Researchers at the University of Salford say well-designed schools improve the academic performance of elementary school students by 25 percent.
Last fall during a stop in Los Angeles promoting his latest book Fire in the Ashes, education activist Jonathan Kozol spent some time discussing the impact of school design and environment on children. Wealthy children, he noted, tend to go to attractively designed schools with plenty of natural light, while low-income kids tend to be shuttled into ugly, windowless, stench-filled buildings that "coarsen their mentalities and tell them how little value they have in our society." Now a year-long study by the UK's University of Salford Manchester and architecture firm Nightengale Associates reveals that a well-designed school doesn't just impact student's mental state.
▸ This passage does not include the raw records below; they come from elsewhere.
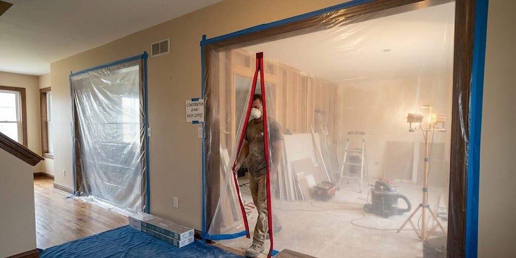 Dust control starts by defining the work zone. A reusable barrier system can help keep the rest of the home comfortable while construction continues.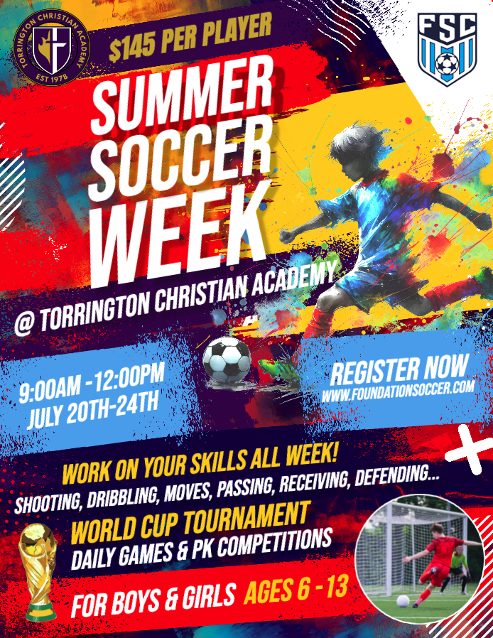 Summer Soccer week held at Torrington Christian Academy July 20th to 24th from 9-12.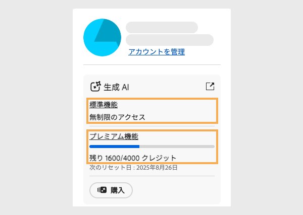 標準機能とプレミアム機能それぞれの残り生成クレジット数に加えて、契約中のプランに含まれる生成クレジット数も表示されます。上の図は、標準機能は無制限に利用可能、プレミアム機能はプランに含まれるクレジットが 4000 で、残り 1600 が利用可能であることを示しています。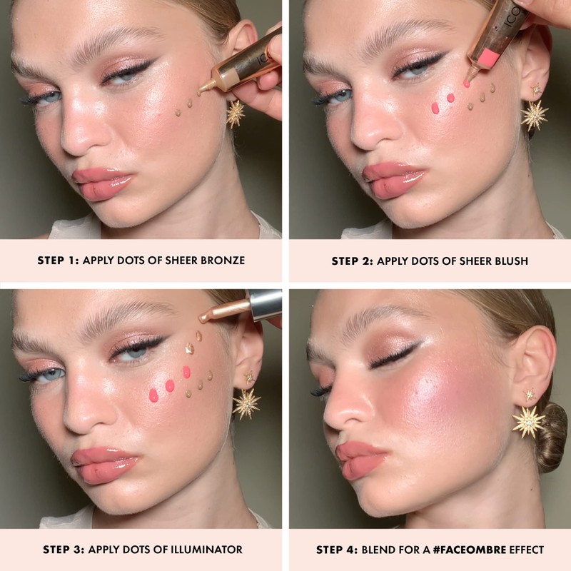 - Cheeks and Lips: The ICONIC Sheer Blush gel is hashtag perf for application on cheeks and lips, giving you that all-over colour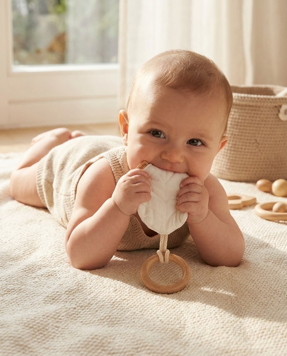 Kousátko s mušelínovou plenou je ideální sada, když se dítěti prořezávají zoubky. Kousátko je vyrobeno z bukového dřeva šetrného ke středu a měkké mušelínové látky. Zcela bezpečné pro děti přináší uklidňující úlevu při prořezávání zoubků. Kousátko lze použít také jako hračku pro miminka. Kousátko se dokonale hodí k našim dalším mušelínovým výrobkům a vytváří tak krásnou sadu, kterou lze darovat na dětskou oslavu.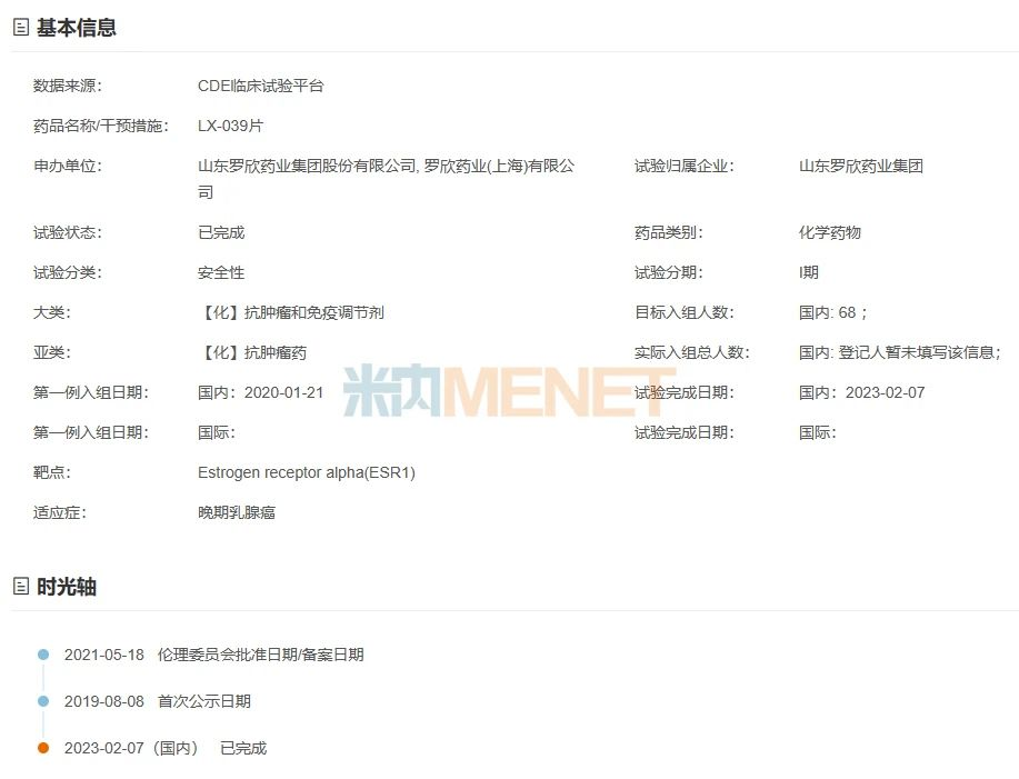 抗肿瘤1类新药LX-039片是罗欣药业自主研发的口服SERD(选择性雌激素受体下调剂),相比选择性雌激素受体调节剂和芳香化酶抑制剂表现出独特的药物优势。今年2月该新药晚期乳腺癌适应症的I期临床已完成,正计划进行II期临床试验。

It affects academic achievement, too.
The researchers studied 751 students in 34 classrooms at seven schools between September 2011 and June 2012 and collected data on students' "age, gender, and performance level in maths, reading, and writing at the start and end of an academic year." They then "evaluated the holistic classroom environment, taking into account different design parameters such as classroom orientation, natural light and noise, temperature and air quality," and took into account "issues such as flexibility of space, storage facilities, and organisation, as well as use of colour."
They found that a full 73 percent "of the variation in pupil performance driven at the class level can be explained by the building environment factors measured." That means that "placing an average pupil in the least effective, rather than the most effective classroom environment could affect their learning progress by as much as the average improvement across one year."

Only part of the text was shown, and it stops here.